- [DESCRIPTION OF THE TASK]: Only the lines in the entries below from the line with "This 2025 Rolex" to the line with "沈陽皇朝萬鑫LED大屏廣告1", both included, belong in the answer, transcribed exactly and without pictures.

- [PROVIDED RECORDS]:
---

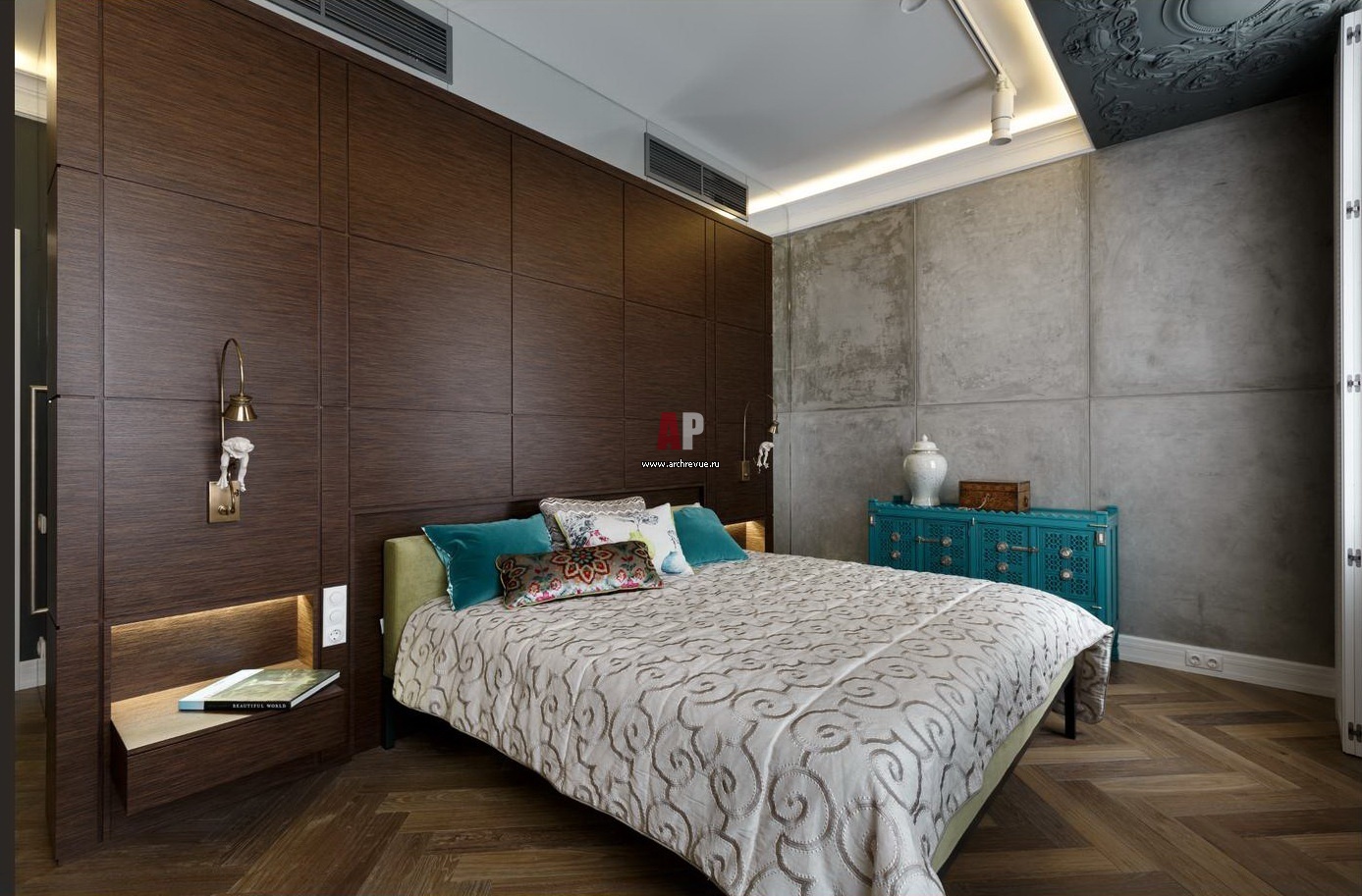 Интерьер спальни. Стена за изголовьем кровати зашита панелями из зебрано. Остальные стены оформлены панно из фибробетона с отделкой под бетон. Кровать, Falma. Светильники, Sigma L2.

---

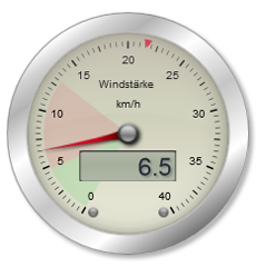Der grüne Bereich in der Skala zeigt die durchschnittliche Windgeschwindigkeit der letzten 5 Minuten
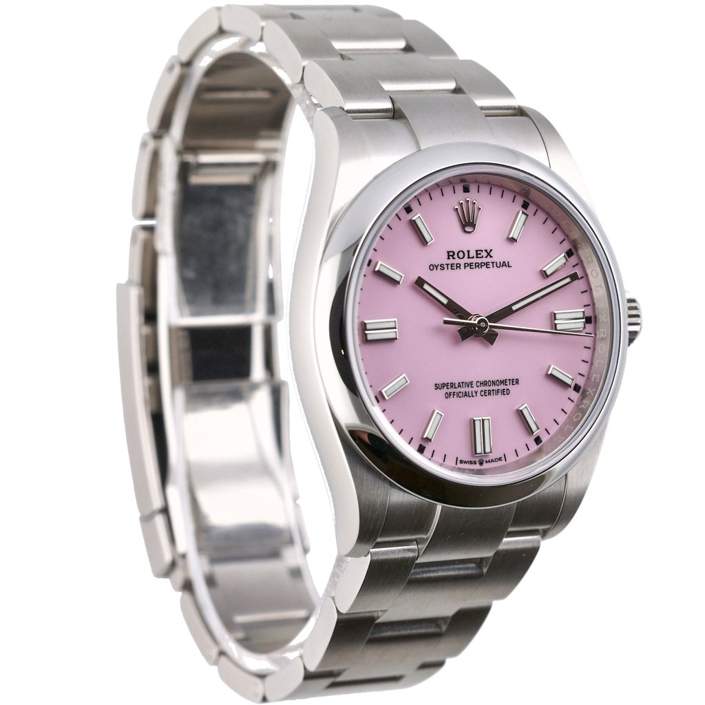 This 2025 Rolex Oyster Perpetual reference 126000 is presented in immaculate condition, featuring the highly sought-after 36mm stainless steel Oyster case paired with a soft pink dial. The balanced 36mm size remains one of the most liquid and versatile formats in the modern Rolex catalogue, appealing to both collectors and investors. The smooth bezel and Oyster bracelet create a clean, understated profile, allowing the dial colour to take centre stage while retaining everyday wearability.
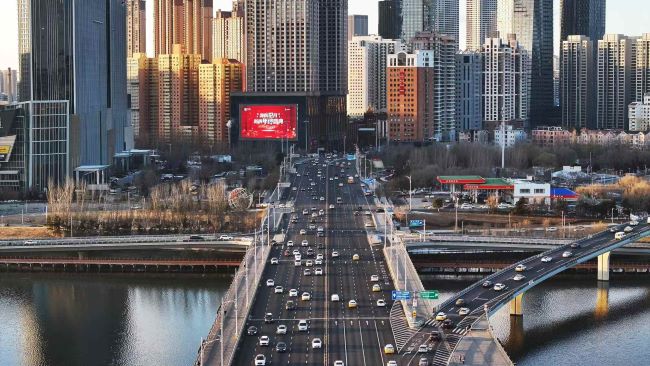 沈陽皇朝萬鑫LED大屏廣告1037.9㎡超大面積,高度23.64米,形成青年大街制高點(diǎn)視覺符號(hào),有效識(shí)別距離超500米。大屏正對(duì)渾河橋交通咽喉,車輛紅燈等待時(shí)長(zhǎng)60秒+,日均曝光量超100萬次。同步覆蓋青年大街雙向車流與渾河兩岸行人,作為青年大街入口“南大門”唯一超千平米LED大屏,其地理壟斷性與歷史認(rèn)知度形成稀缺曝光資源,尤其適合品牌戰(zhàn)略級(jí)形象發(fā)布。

---

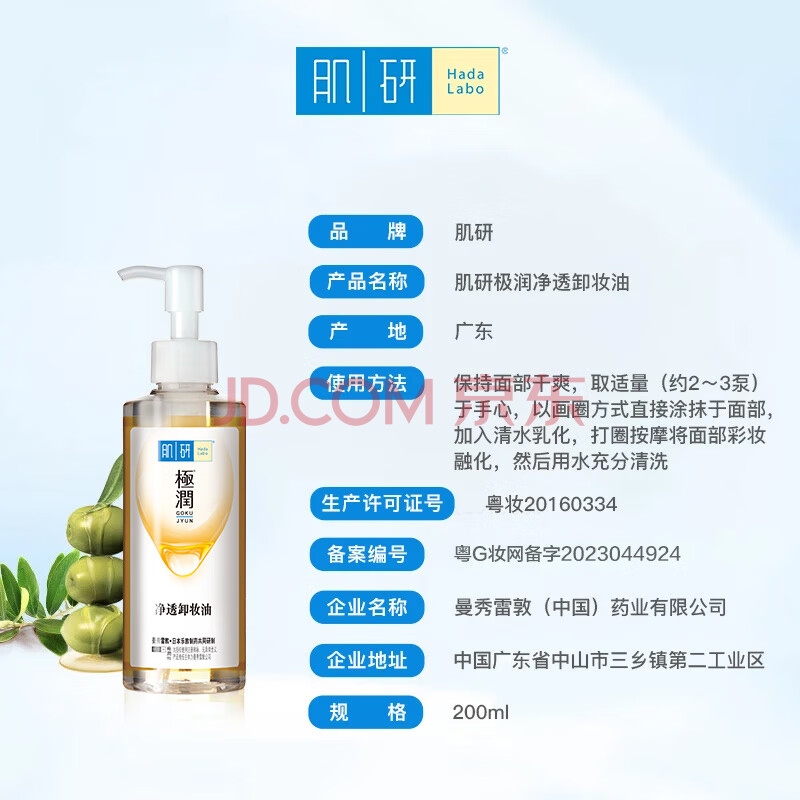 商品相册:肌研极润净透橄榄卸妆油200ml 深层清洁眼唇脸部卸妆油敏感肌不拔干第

---

- [TASK OUTPUT]:
 This 2025 Rolex Oyster Perpetual reference 126000 is presented in immaculate condition, featuring the highly sought-after 36mm stainless steel Oyster case paired with a soft pink dial. The balanced 36mm size remains one of the most liquid and versatile formats in the modern Rolex catalogue, appealing to both collectors and investors. The smooth bezel and Oyster bracelet create a clean, understated profile, allowing the dial colour to take centre stage while retaining everyday wearability.
 沈陽皇朝萬鑫LED大屏廣告1037.9㎡超大面積,高度23.64米,形成青年大街制高點(diǎn)視覺符號(hào),有效識(shí)別距離超500米。大屏正對(duì)渾河橋交通咽喉,車輛紅燈等待時(shí)長(zhǎng)60秒+,日均曝光量超100萬次。同步覆蓋青年大街雙向車流與渾河兩岸行人,作為青年大街入口“南大門”唯一超千平米LED大屏,其地理壟斷性與歷史認(rèn)知度形成稀缺曝光資源,尤其適合品牌戰(zhàn)略級(jí)形象發(fā)布。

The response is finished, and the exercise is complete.